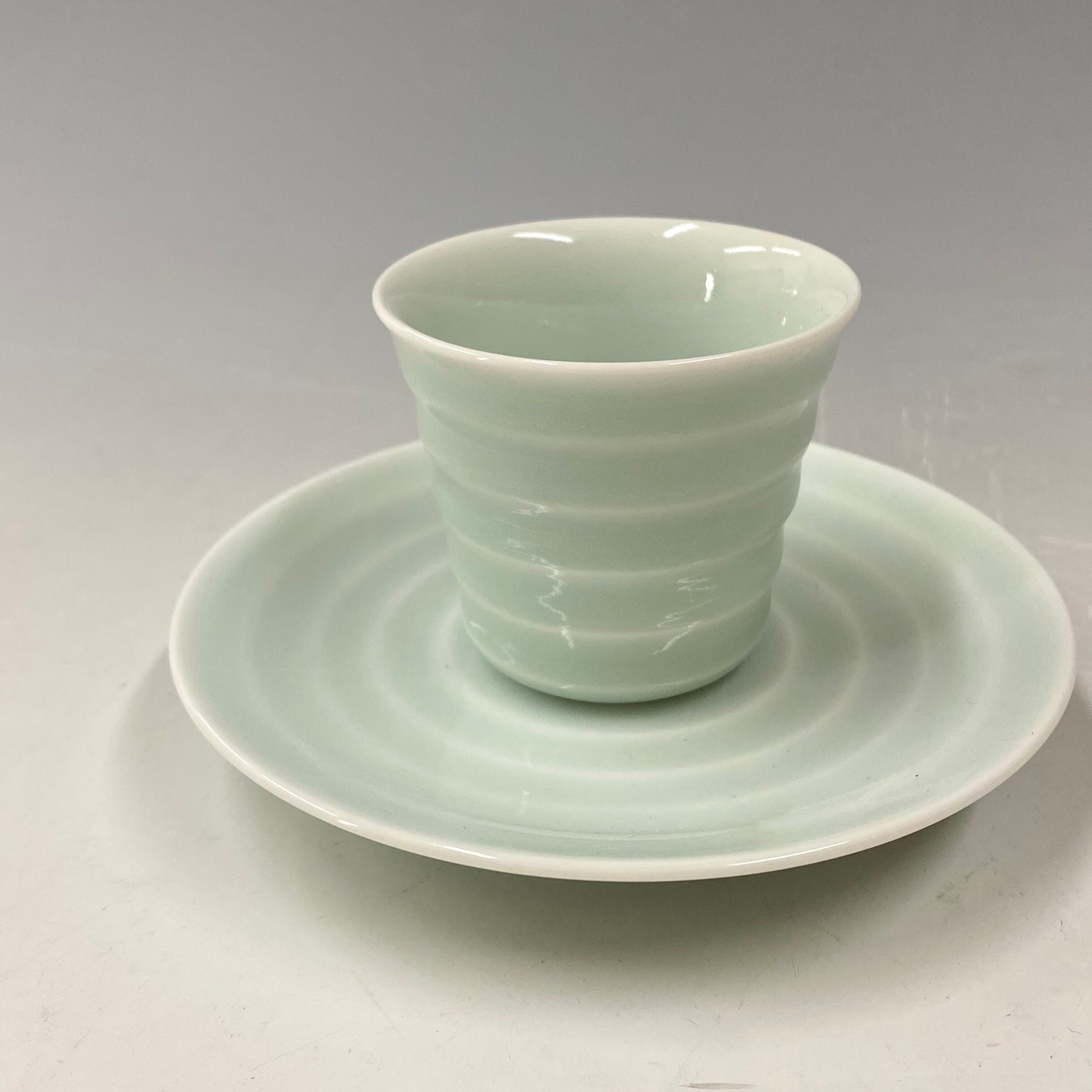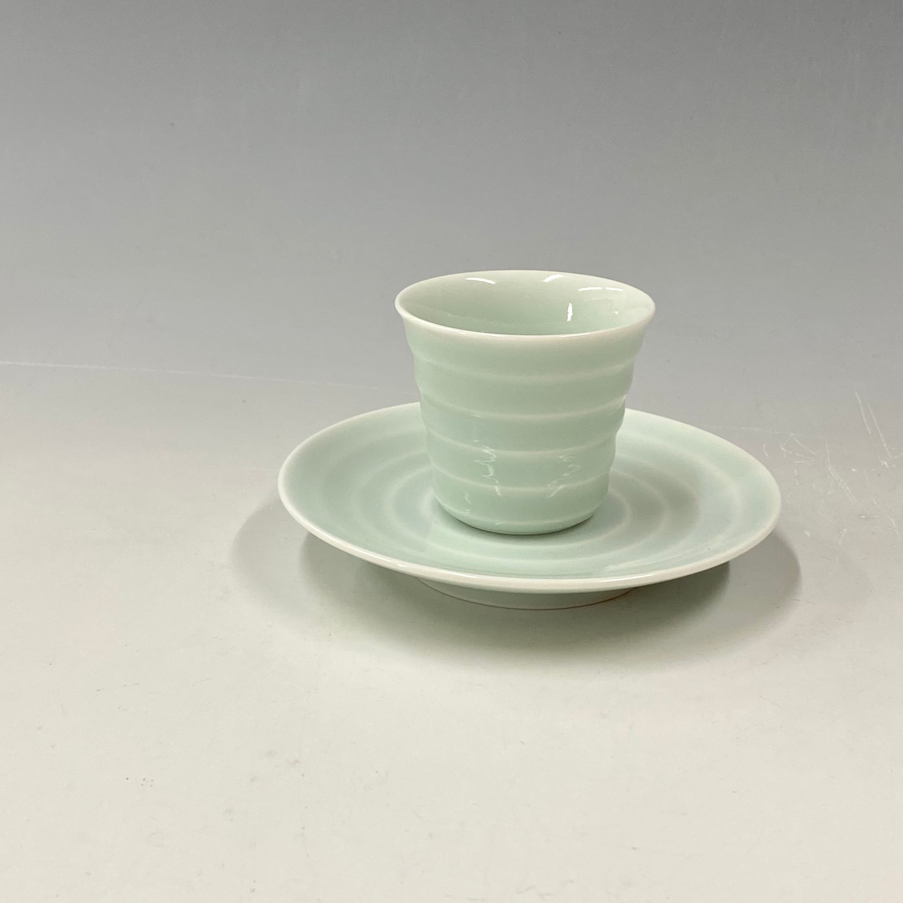 青白磁釉の色合いも美しいエスプレッソ碗皿です。
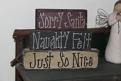 Title (ebay affiliate link): Primitive Christmas Wooden Shelf Sitter (SORRY SANTA NAUGHTY FELT JUST SO NICE)
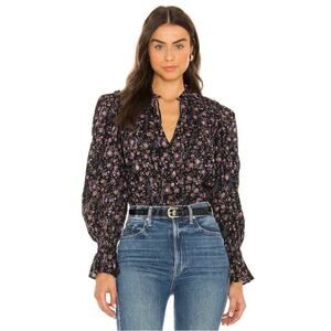 Free People Meant to Be Black Purple Floral Puff Sleeve Smocked Cotton Blouse
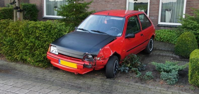 | Bezoekers van een café aan de Europaweg te Schoonebeek waren op de rijbaan een balletje aan het trappen om de Nederlandse overwinning te vieren. Tijdens dit voetbalpartijtje kwam de strandbal tegen een toevallig passerende auto en veroorzaakte hierbij een grote ster in de voorruit. De uit Nieuw Amsterdam afkomstige bestuurder schrok hiervan, stopte en reed achteruit om de “schutter” aan te spreken. Terwijl de bestuurder enkele meters achteruit reed richting Schoonebeek, kwam er uit de richting Nieuw Schoonebeek een vrachtwagen met melkoplegger. De achteruitrijdende personenauto kwam gedeeltelijk op de weghelft van de naderende vrachtwagen en een aanrijding was het gevolg. De personenauto kwam achterstevoren in een tuintje terecht, waar de bestuurder en zijn passagiere ongedeerd, maar behoorlijk geschrokken, konden uitstappen. De vrachtwagenchauffeur kon na de administratieve afhandeling door de politie zijn weg vervolgen; de personenauto is door een bergingsbedrijf afgevoerd. De persoon, die de bal op de voorruit schoot, heeft de komst van de politie niet afgewacht, maar zal ongetwijfeld nog een bezoekje van de sterke arm der wet kunnen verwachten. |
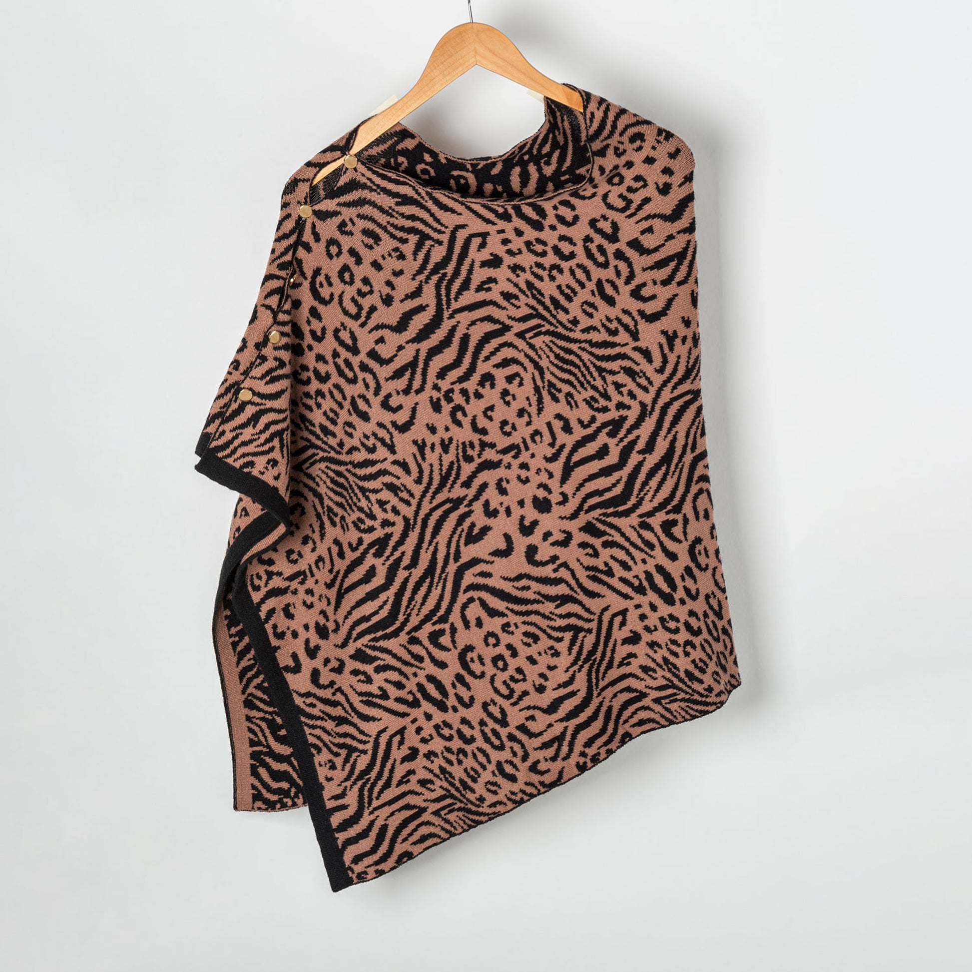 | This reversible poncho makes a bold entrance thanks to the drama of the animal print and striking gold button accents! Reach for this cozy style when the temperatures drop. This one-size piece is 100% acrylic and offers a reversible design for double the wear. |
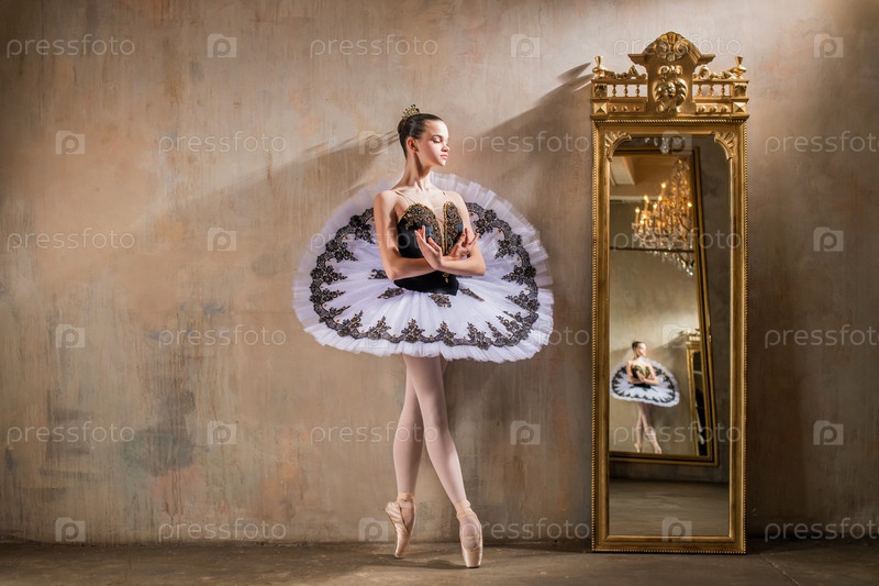 Юная балерина в белой пачке позирует рядом с красивым старым ряженым в винтажном интерьере, много раз размышляя
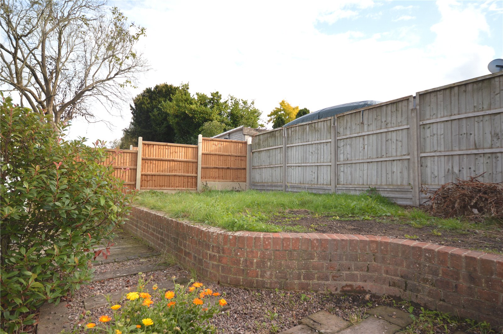 Garden 40' x 18' (12.19m x 5.49m) Decked patio area leading to gardens laid to lawn.
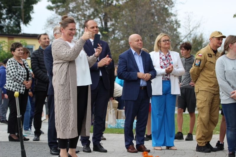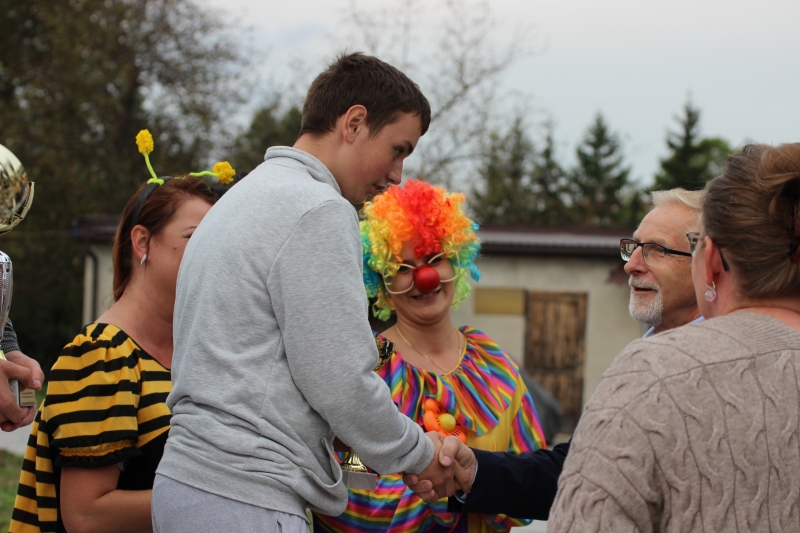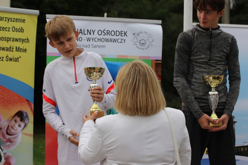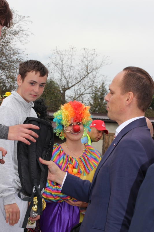 W dniu 5 października 2023 r. w ramach projektu „Na miejsca, uśmiech start!”, podopieczni SOSW, ich rodzice, a także chętni mieszkańcy powiatu niżańskiego, wzięli udział w integracyjnym wyścigu ulicami Rudnika nad Sanem. Warunkiem było pokonanie 2 km trasy w dowolnej formie np.: biegiem, marszobiegiem, rowerem, na wózku lub na hulajnodze. Celem biegu nie była rywalizacja, lecz integracja osób niepełnosprawnych ze społecznością lokalną. Projekt został zrealizowany przez Stowarzyszenie na Rzecz Osób Niepełnosprawnych „Poprowadź Mnie przez Świat”, przy wsparciu finansowym Powiatu Niżańskiego. W wyścigu uczestniczyło 140 osób. Każdy uczestnik biegu otrzymał pakiet żywnościowy ora  pamiątkowy plecak. Rodzice i nauczyciele SOSW przygotowali dla wszystkich uczestników słodki poczęstunek oraz biesiadowanie przy ognisku i muzyce. Funkcję koordynatora projektu pełniła Pani Aneta Jakubowska, a wspierali ją wszyscy nauczyciele i wychowawcy SOSW, przy szczególnym zaangażowaniu Pań: Dominiki Zdeb, Agnieszki Wołoszyn i Reginy Chudzik oraz Panów: Tomasza Zielińskiego, Piotra Trojanowskiego i Grzegorza Szewca. Bardzo serdecznie dziękujemy wszystkim, którzy włączyli się w to wspaniałe i wyjątkowe wydarzenie, w tym: Panu Staroście Robertowi Bednarzowi oraz Panom Komendantom Komendy Państwowej Powiatowej Policji w Nisku i Komendy Państwowej Powiatowej Straży Pożarnej w Nisku, a także niecodziennym gościom w osobach Pana Wiceministra Rafała Webera i Pana Przewodniczącego Rady Powiatu Niżańskiego Sylwestra Daśko.
┄┄┄┄┄┄┄┄┄┄
WHAT TO WORK ON:
Above are records; write out the lines from the one with "Free People Meant" down to the one with "Garden 40' x", exactly, leaving the pictures out.

RESULT FOR THIS TASK:
 Free People Meant to Be Black Purple Floral Puff Sleeve Smocked Cotton Blouse
 | Bezoekers van een café aan de Europaweg te Schoonebeek waren op de rijbaan een balletje aan het trappen om de Nederlandse overwinning te vieren. Tijdens dit voetbalpartijtje kwam de strandbal tegen een toevallig passerende auto en veroorzaakte hierbij een grote ster in de voorruit. De uit Nieuw Amsterdam afkomstige bestuurder schrok hiervan, stopte en reed achteruit om de “schutter” aan te spreken. Terwijl de bestuurder enkele meters achteruit reed richting Schoonebeek, kwam er uit de richting Nieuw Schoonebeek een vrachtwagen met melkoplegger. De achteruitrijdende personenauto kwam gedeeltelijk op de weghelft van de naderende vrachtwagen en een aanrijding was het gevolg. De personenauto kwam achterstevoren in een tuintje terecht, waar de bestuurder en zijn passagiere ongedeerd, maar behoorlijk geschrokken, konden uitstappen. De vrachtwagenchauffeur kon na de administratieve afhandeling door de politie zijn weg vervolgen; de personenauto is door een bergingsbedrijf afgevoerd. De persoon, die de bal op de voorruit schoot, heeft de komst van de politie niet afgewacht, maar zal ongetwijfeld nog een bezoekje van de sterke arm der wet kunnen verwachten. |
 | This reversible poncho makes a bold entrance thanks to the drama of the animal print and striking gold button accents! Reach for this cozy style when the temperatures drop. This one-size piece is 100% acrylic and offers a reversible design for double the wear. |
 Юная балерина в белой пачке позирует рядом с красивым старым ряженым в винтажном интерьере, много раз размышляя
 Garden 40' x 18' (12.19m x 5.49m) Decked patio area leading to gardens laid to lawn.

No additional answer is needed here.